Blogger Ahistoricality on 3/09/2009 12:30 PM:

Speaking of Historiann, the traveling feminist/women's history book discussion has arrived there. I am more than a bit frustrated by the discussion, because it doesn't really afford a lot of entry points for an Asianist, and for someone who doesn't do women's history (or any history) as a political field. The assumptions are too deep and too different. Take this passage:
Bennett’s demand here for more attention to pre-modern history is nothing short of a call for us to return to the longue durée of the Annales school, and is intimately connected to her demand that women’s historians embrace the fact that women’s history is more about continuity than change. This is a radically counter-cultural idea in the historical profession, which is all about the study of change over time. But, as Bennett points out, looking for change over time makes sense in some sub-fields, but perhaps not in others, and anyone working in women’s and gender history and the history of sexuality knows in hir bones that our fields are marked much more by depressing, confounding continuity rather than change.
While I think Gordon Wood (etc., ad nauseum) is grossly overstating the case against history informed by postmodernism, arguments like this one which focus on narrative structure bug the living daylights out of me. Don't get me wrong: I think about narrative when I'm designing a course, but this is a discussion of research for crying out loud! You don't assume your answers when you enter into a research project. That's so fundamental, I don't see how the discussion can proceed beyond that error.

 

Blogger 1eyedpecker on 3/11/2009 4:16 PM:

Okay,not sure how the thread game is played - not sure of protocol, etc., But here goes anyway -some of my scribbling:


"SOCIALISM NOW? HARDLY.

"Obama wants to establish a very powerful socialist, authoritarian government... what Obama is doing is cruel. What the Democrat Party has done is cruel, cruelty in the guise of compassion." -Rush Limbaugh

Contrary to what sweaty, verbose, twisted, bombastic Neo-con windbags such as Rush Limbaugh sputter - "socialism" in America is dead. The bogeyman Limbaugh and company keep trying to inflate to frighten Joe & Jane America is an illusion of Potemkin proportions. Only true idiot villagers see it as a "threat." In fact, the only air in the sails of "socialism" today actually comes from the gaseous emissions the far-right is constantly trying to blow up its long dead ass. And no matter how hard they try to resurrect "Socialism" as a whipping-boy of convenience, it will not float.

Long ago, during the nadir of the Great Depression, America's socialists traded their dogma in for the pragmatic promise of progress. At the periphery of the political process ever since, today's socialists pose no threat to American capitalism: capitalists do. As the Washington Post's Harold Meyerson has aptly observed, US socialists were lured by FDR into trading in their fundamental guiding principles for a chance at partaking in the promise of the New Deal.
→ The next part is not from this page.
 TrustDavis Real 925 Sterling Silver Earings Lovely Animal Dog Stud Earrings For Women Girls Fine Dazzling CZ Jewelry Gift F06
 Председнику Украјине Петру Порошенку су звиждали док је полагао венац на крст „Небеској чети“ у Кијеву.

According to Meyerson, the shift conformed perfectly to the theories of German socialist Eduard Bernstien "who argued that the immediate struggle to humanize capitalism through the instruments of democratic government was everything, and that the goal of supplanting capitalism altogether was meaningless".

Meyerson pegs the US Socialist Party's 1936 decision to endorse FDR's New Deal as the moment when American Socialism abandoned its core beliefs. Since then, in the perverse dance known as US politics, socialists have become little more than the acne riddled policy geeks who can't get the elitist Belle of the Ball to dance with them. Out of tune and out of step with the electorate, they operate solely on the political fringe. The GOP's fear mongering notwithstanding: Today's US Democrats are to socialism, as George W. Bush was to deep thought: both unfamiliar and unacquainted.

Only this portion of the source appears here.